[[ Records open ]]

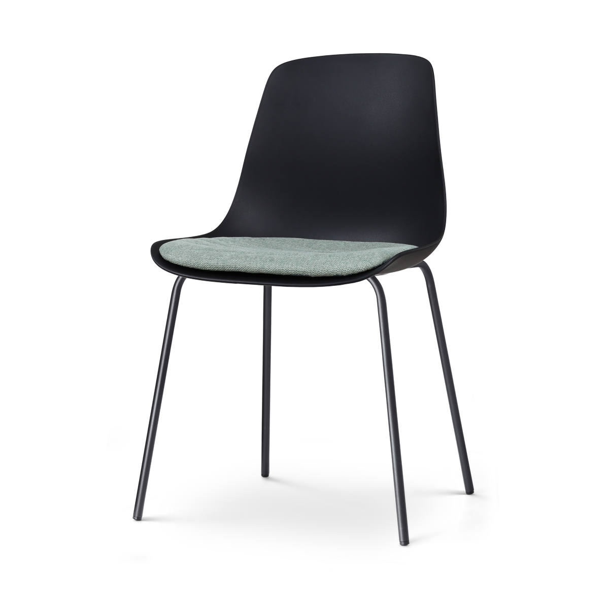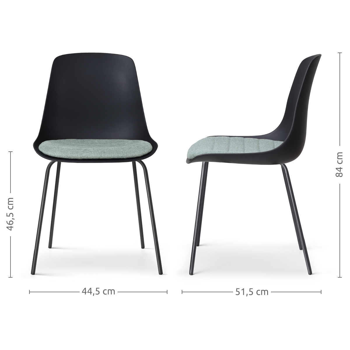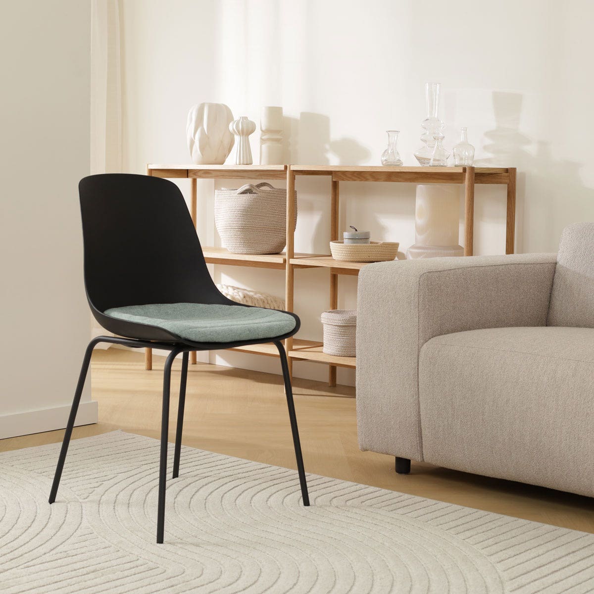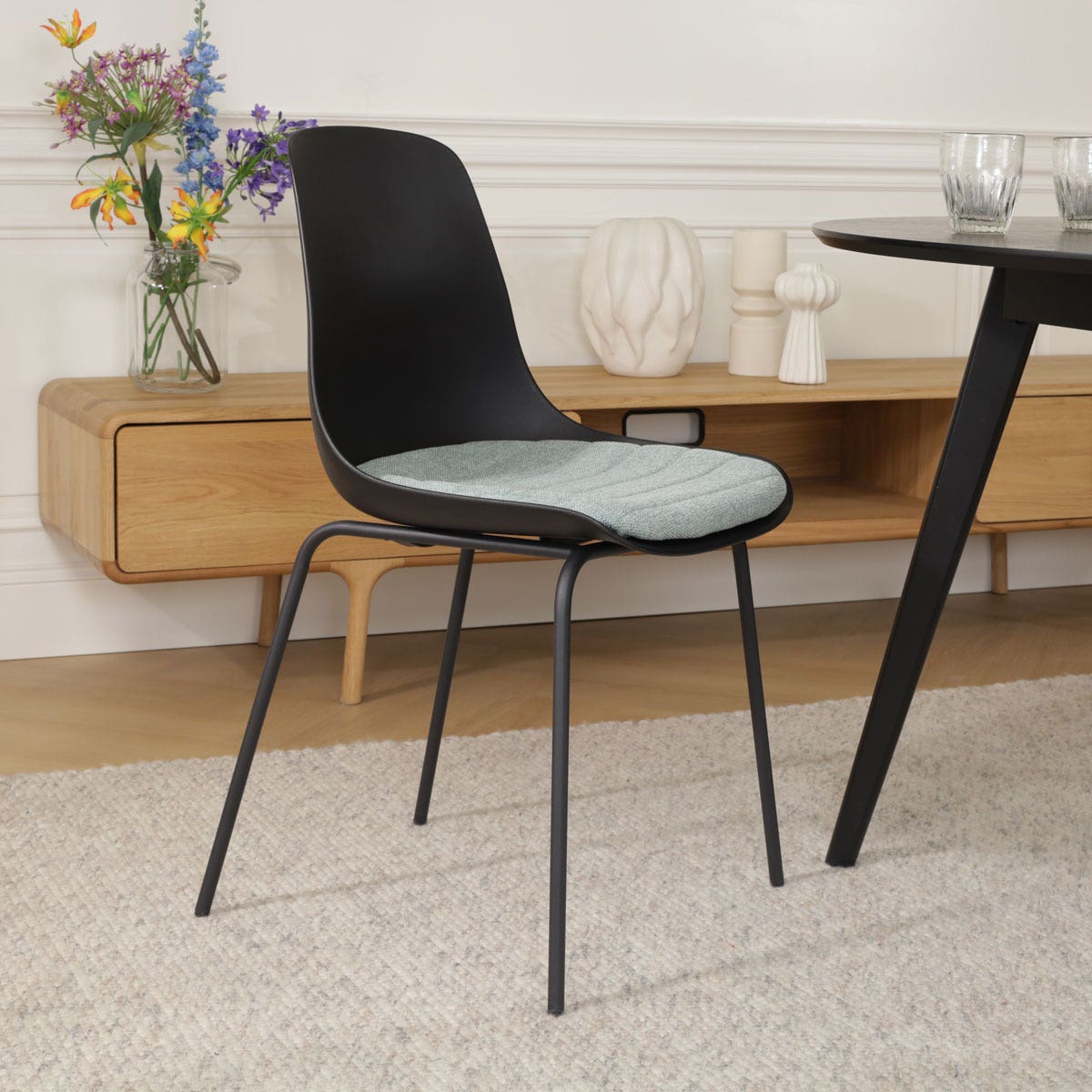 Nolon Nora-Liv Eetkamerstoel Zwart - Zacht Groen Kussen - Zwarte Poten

[[ Records closed ]]
[[ Records open ]]

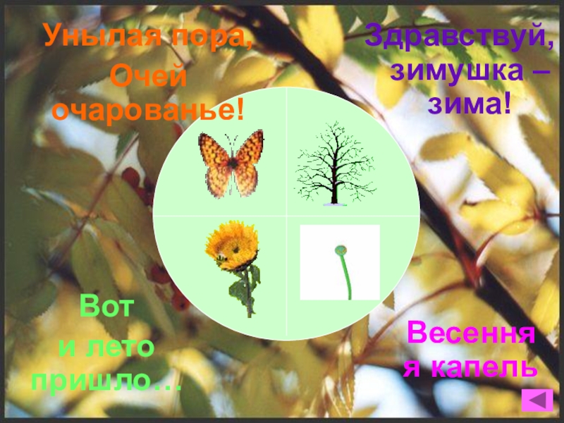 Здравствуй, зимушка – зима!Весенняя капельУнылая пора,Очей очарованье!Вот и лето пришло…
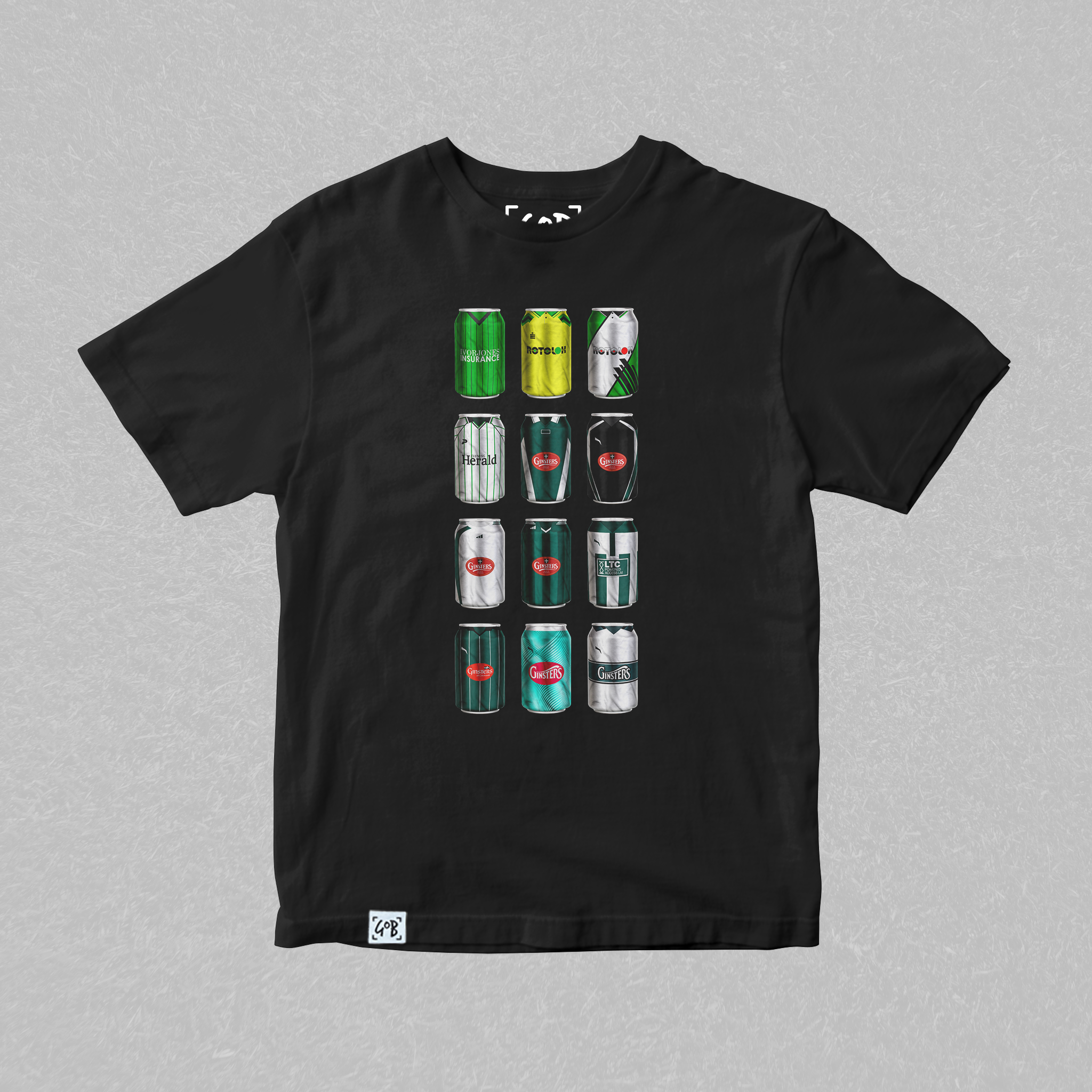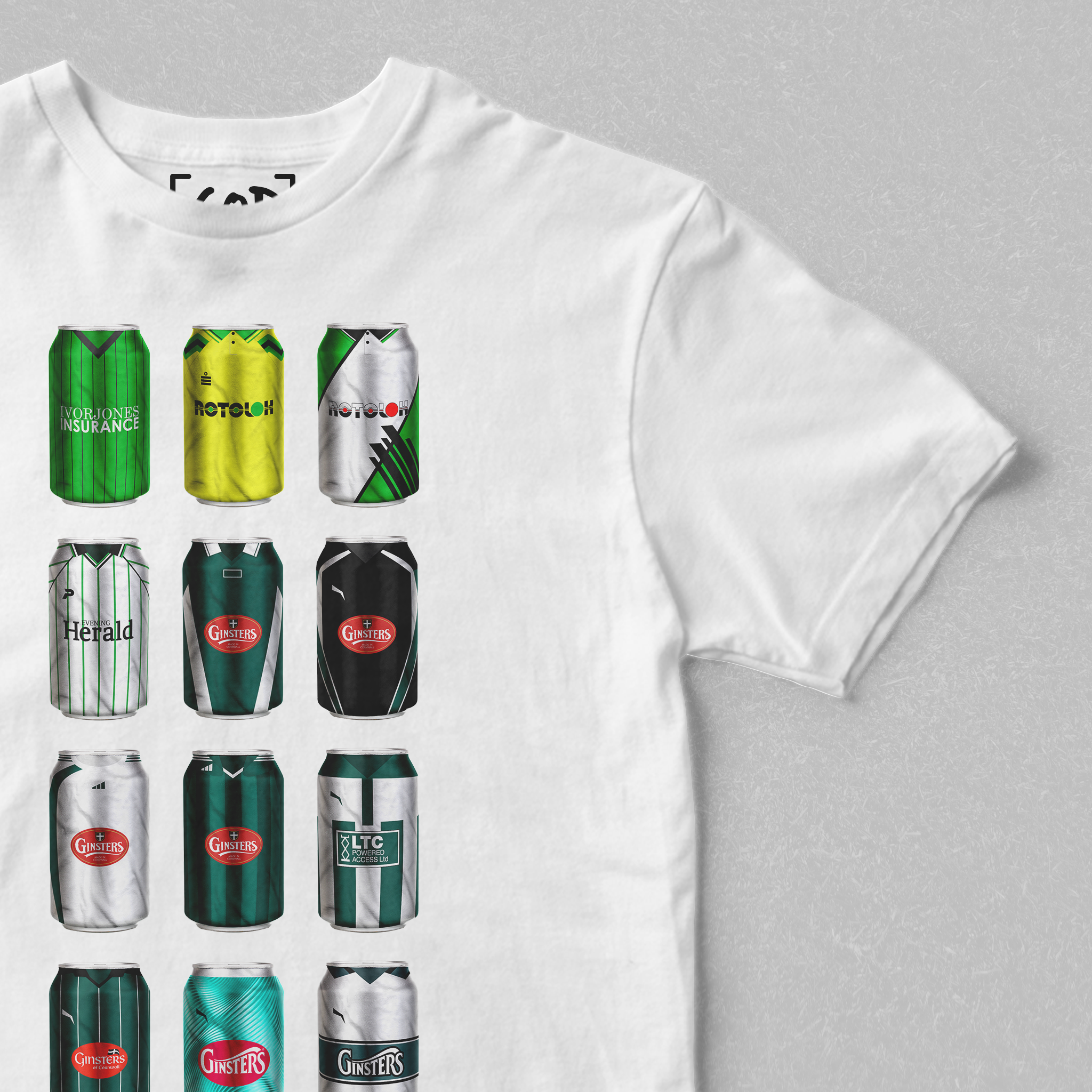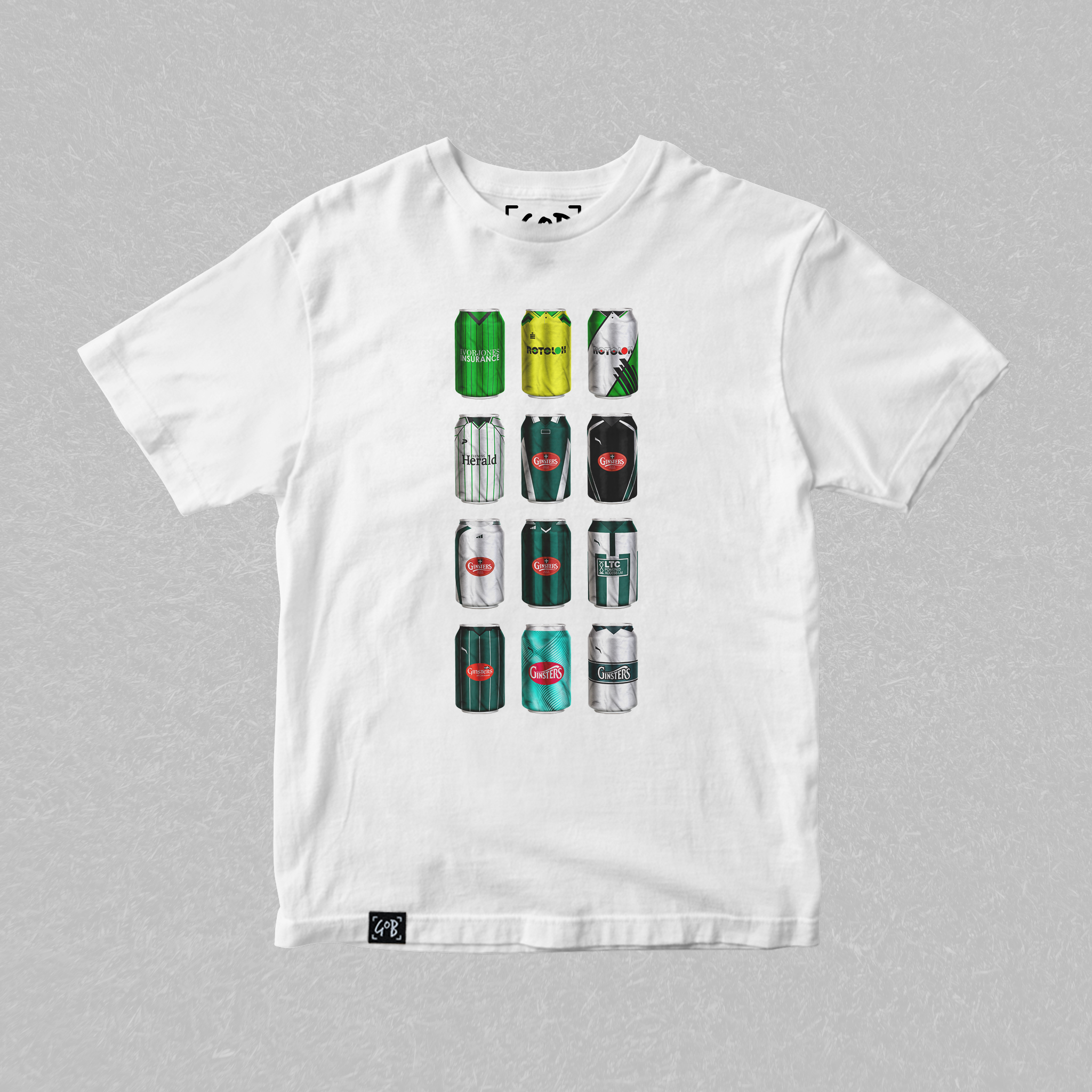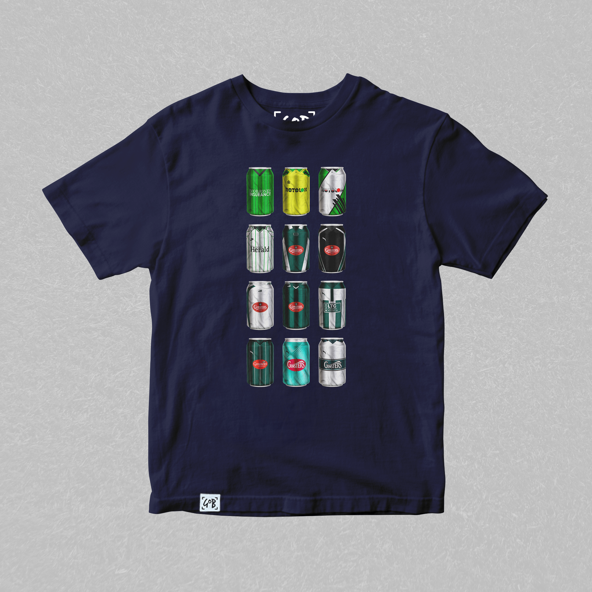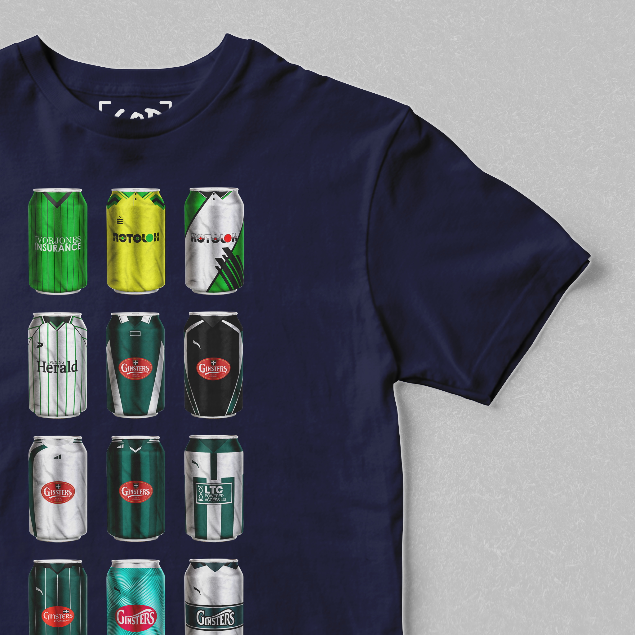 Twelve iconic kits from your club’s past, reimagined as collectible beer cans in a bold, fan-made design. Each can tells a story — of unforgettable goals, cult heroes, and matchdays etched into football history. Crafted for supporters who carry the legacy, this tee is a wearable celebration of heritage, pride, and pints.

[[ Records closed ]]

Required action
Repeat exactly the lines above, beginning at the one containing "Здравствуй, зимушка –" and ending at the one containing "Twelve iconic kits". Do not carry over any pictures.

Solution to the problem
 Здравствуй, зимушка – зима!Весенняя капельУнылая пора,Очей очарованье!Вот и лето пришло…
 Twelve iconic kits from your club’s past, reimagined as collectible beer cans in a bold, fan-made design. Each can tells a story — of unforgettable goals, cult heroes, and matchdays etched into football history. Crafted for supporters who carry the legacy, this tee is a wearable celebration of heritage, pride, and pints.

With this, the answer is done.